In this section we are going to consider another spatial image processing operation, goes by the rather confronting title of mathematical morphology. Now the word morphology means shape, so this is a type of spatial image processing operation that is sensitive to shape. The output image contains shapes that are compatible with a structuring element S. Now the structuring element is a pattern which represents a subset of pixels within the input window that we wish to consider.
An example will make that clear: we have a contrived example here, simple binary scene, black pixels and white pixels that contain squares and rectangles of different sizes. As in previous animations, we see the input window shown here in red marching across the image left to right and top to bottom. What is different in this case is that the output is only true if all of the pixels underneath the red window are true. So far none have been. In a moment we will see… this one particular case now… where the output image contains one pixel. That is where all of the pixels underneath the red marching window were all set. You will notice that most of the shapes that were in the input image have disappeared, the rectangles have all disappeared, the little square has disappeared; the only shape that was retained was the big square. Note that the big square was the same shape as the red marching window. We say that only shapes that are compatible with the structuring element — a 3 x 3 square —are retained. This operation is also referred to as erosion, because what has happened here is that our 3 x 3 square, even though it is compatible, has been eroded away … pixels have been chewed off its edges until only the centre pixel is left. This operation is often called erosion and this function can be computed using the tool box function ierode; the first argument is the image and the second argument is the structuring element. In this case it is a 3 x 3 matrix containing ones.
So we can perform the converse operation, which is called dilation, and again we show this in animation. Here is the 3 x 3 marching window, but now for dilation, the output is true if any pixel underneath the red square is true. So far none have been. Now we see that there are a bunch of pixels are going to be set as the red window marches across them and encounters a one pixel. This operation is called dilation for the obvious reason that it has taken a single pixel, dilated it, grown it into a 3 x 3 shape; in fact, it is back to the shape that it was originally. This function, this dilation function, can be computed using tool box function idilate; the first argument is the input image and the second argument is the structuring element.
So this was the original image that we had and we eroded it to a single pixel and then we dilated it so that the single pixel became a block of 3 x 3 pixels. So you can see what has happened here, we have taken an original image, we have eroded it, dilated it and the only shape that made it all the way through was the 3 x 3 square. The rectangles have disappeared and the little square has disappeared and that is because only the shapes that are compatible with the structuring element have been maintained. Now this operation, this sequence of erosion followed by dilation, is often called opening. Only the compatible shapes have remained and we can do this in the tool box using the function iopen.
Let’s try doing things in the opposite order. Let’s dilate first and then erode, so in the dilation step we can animate this, and for dilation output pixels are true if any pixel underneath the marching window is true and as we would expect for dilation the shape is going to get bigger. But another interesting benefit of this dilation step is that holes within the shape are going to be filled in and it has got bigger and holes within it have been closed up.
Now we have the dilated image, now we can erode it. So erosion is going to chew off a strip of one pixels all around the outside of this particular object; it is going to restore it to something like its original size and shape.
Now let’s look at the original image. Then its dilated version. And then its eroded version. And we can see we have something that looks like the original shape, except the hole within it has been filled in. This operation is called a closing operation. It tends to close those holes within an object. So any hole that is smaller than the size of the structuring element — which is a 3 x 3 pixel block — will be filled in.

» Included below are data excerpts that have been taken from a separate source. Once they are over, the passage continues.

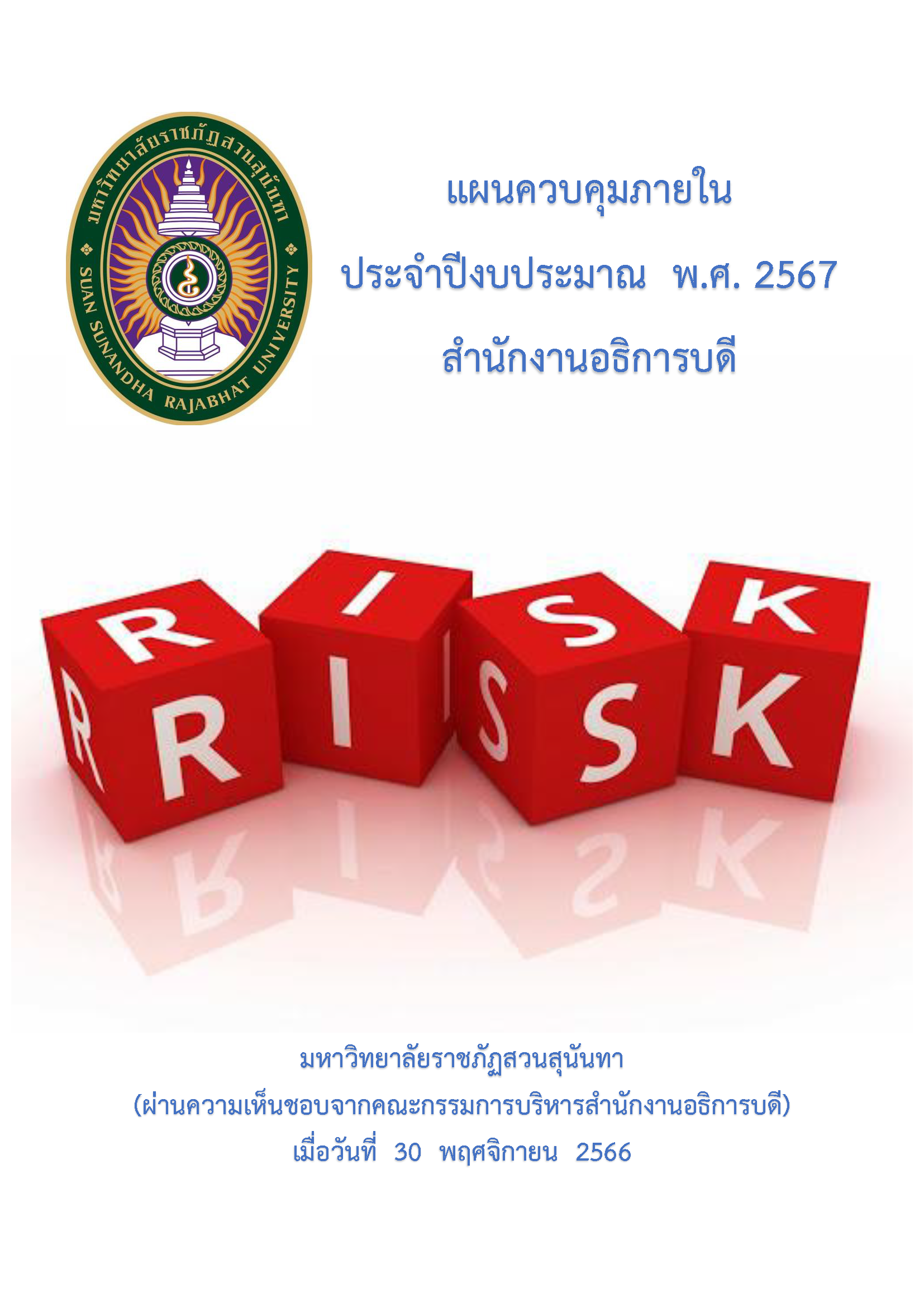 Download >>> แผนควบคุมภายใน สำนักงานอธิการบดี ประจำปีงบประมาณ พ.ศ 2567.pdf--------------------------------------------------------------------------------------www.president.ssru.ac.thwww.ssru.ac.th
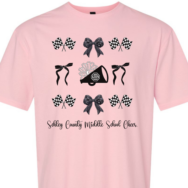 Show your school spirit with the Schley County Middle School Cheer Shirt featuring a stylish black and white checkered flags, megaphone, and charming coquette bow design. Available in light pink or gray, this shirt combines comfort and team pride, making it perfect for both game days and casual wear. Crafted with quality materials, it offers a soft feel and lasting durability, ideal for active students and cheerleaders who want to support their team in style.
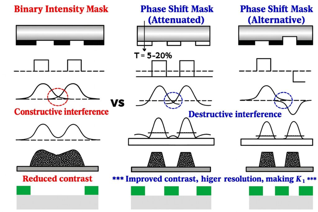 위상 조절로 간섭 효과를 유도해 고해상도와 넓은 DOF를 확보하는 고급 photomask로, 90nm 이하 미세 공정과 Immersion lithography 등 첨단 노광에서 필수적이며 Binary Mask보다 정밀한 패턴 구현에 유리합니다.
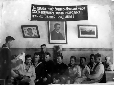 Политинформация в экипаже малого охотника М-11 Каспийской военной флотилии.

This closing operation can be computed using the tool box function iclose. So this brings us to the notion of compatibility between a structuring element and a shape. So here a structuring element is a red square and I am going to test it against a large square and a thin rectangle.
So first of all we are going to test the large square and basically it is saying that if I can fit the structuring element within that shape it will survive in an erosion operation or an opening operation, but for the tall thin rectangle there is nowhere within that shape that the structuring element will fit. So this shape will not survive, it will be eliminated in the erosion step.
Conversely, if my structuring element is a tall thin rectangle we will find that there is actually nowhere that this tall thin rectangle can fit inside the large square. So if my structuring element is a tall thin rectangle, this square will disappear. However, that tall thin rectangle will survive, so the shape of the structuring element controls the shapes that will be retained in the output image; it is a filter that is sensitive to shape.
Another non-linear operation on the pixels in the box around the input pixel is to test whether they match a reference shape. This is a very powerful and useful approach to cleaning up noisy binary images known as mathematical morphology and objects in the image are treated according to their compatibility with a structuring element. We can perform operations on binary images such as erosion or dilation which make objects smaller or bigger respectively, or opening and closing which separate or merge objects respectively.
This content assumes an understanding of high school level mathematics; for example, trigonometry, algebra, calculus, physics (optics) and experience with MATLAB command line and programming, for example workspace, variables, arrays, types, functions and classes.